→ **Aim of the exercise**: Among the entries beneath this sentence, how many lines include the word "Gelterkinder"? Only the number is wanted.

→ **Input records**:
+ + + + +

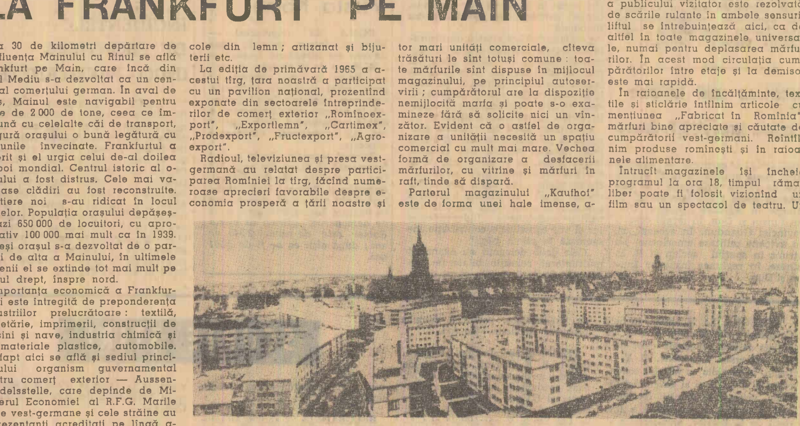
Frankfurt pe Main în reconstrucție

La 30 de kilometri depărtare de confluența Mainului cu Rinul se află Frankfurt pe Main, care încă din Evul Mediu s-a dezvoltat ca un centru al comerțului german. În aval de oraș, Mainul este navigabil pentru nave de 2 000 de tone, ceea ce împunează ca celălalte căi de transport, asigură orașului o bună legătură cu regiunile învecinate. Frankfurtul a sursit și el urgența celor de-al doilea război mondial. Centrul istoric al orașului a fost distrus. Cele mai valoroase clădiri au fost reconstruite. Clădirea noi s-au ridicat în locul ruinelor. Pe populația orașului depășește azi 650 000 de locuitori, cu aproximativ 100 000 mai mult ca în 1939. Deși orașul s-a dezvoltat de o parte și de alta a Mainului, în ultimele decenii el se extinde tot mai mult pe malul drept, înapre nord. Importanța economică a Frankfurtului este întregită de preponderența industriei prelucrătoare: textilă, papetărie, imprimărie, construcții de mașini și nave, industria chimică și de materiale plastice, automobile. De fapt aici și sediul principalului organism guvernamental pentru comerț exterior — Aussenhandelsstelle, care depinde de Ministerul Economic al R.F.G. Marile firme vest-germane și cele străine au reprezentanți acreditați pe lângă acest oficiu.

+ + + + +

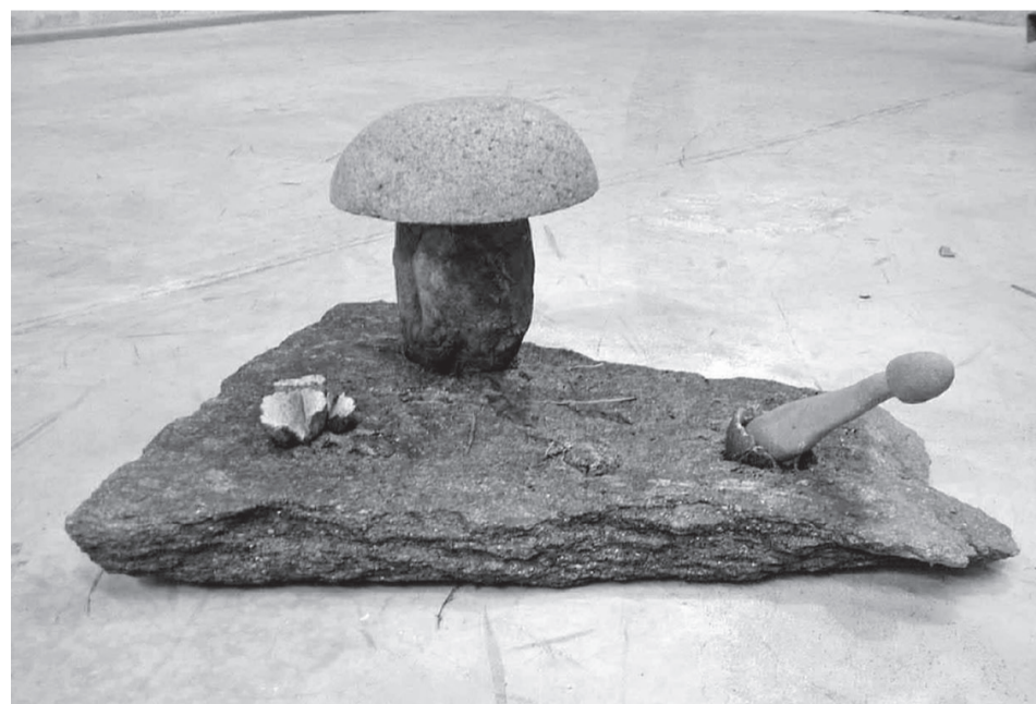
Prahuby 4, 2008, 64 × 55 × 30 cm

+ + + + +

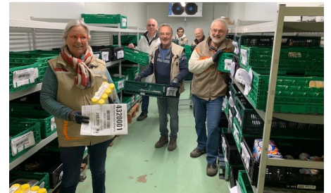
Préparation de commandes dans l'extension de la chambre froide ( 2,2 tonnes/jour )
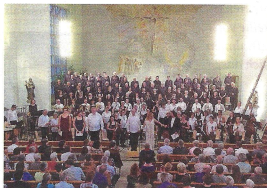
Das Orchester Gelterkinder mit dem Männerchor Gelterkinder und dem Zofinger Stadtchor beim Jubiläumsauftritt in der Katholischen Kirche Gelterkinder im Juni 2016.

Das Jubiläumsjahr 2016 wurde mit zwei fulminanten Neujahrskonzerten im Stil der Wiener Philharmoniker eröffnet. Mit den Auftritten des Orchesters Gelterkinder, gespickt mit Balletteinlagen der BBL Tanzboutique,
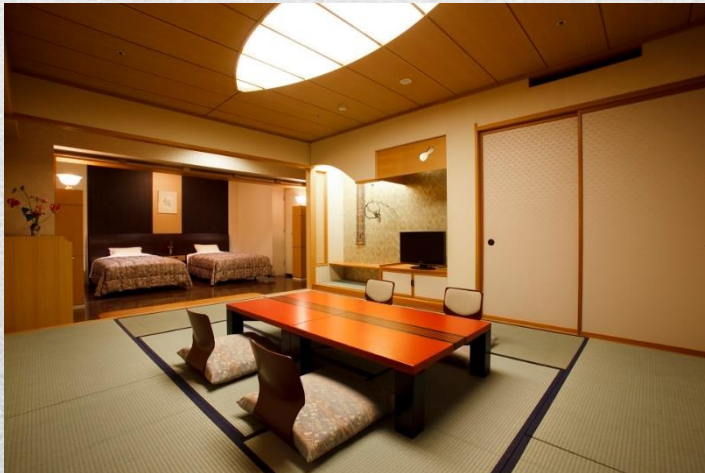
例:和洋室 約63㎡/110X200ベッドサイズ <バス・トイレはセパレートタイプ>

+ + + + +

→ **Task result**: 2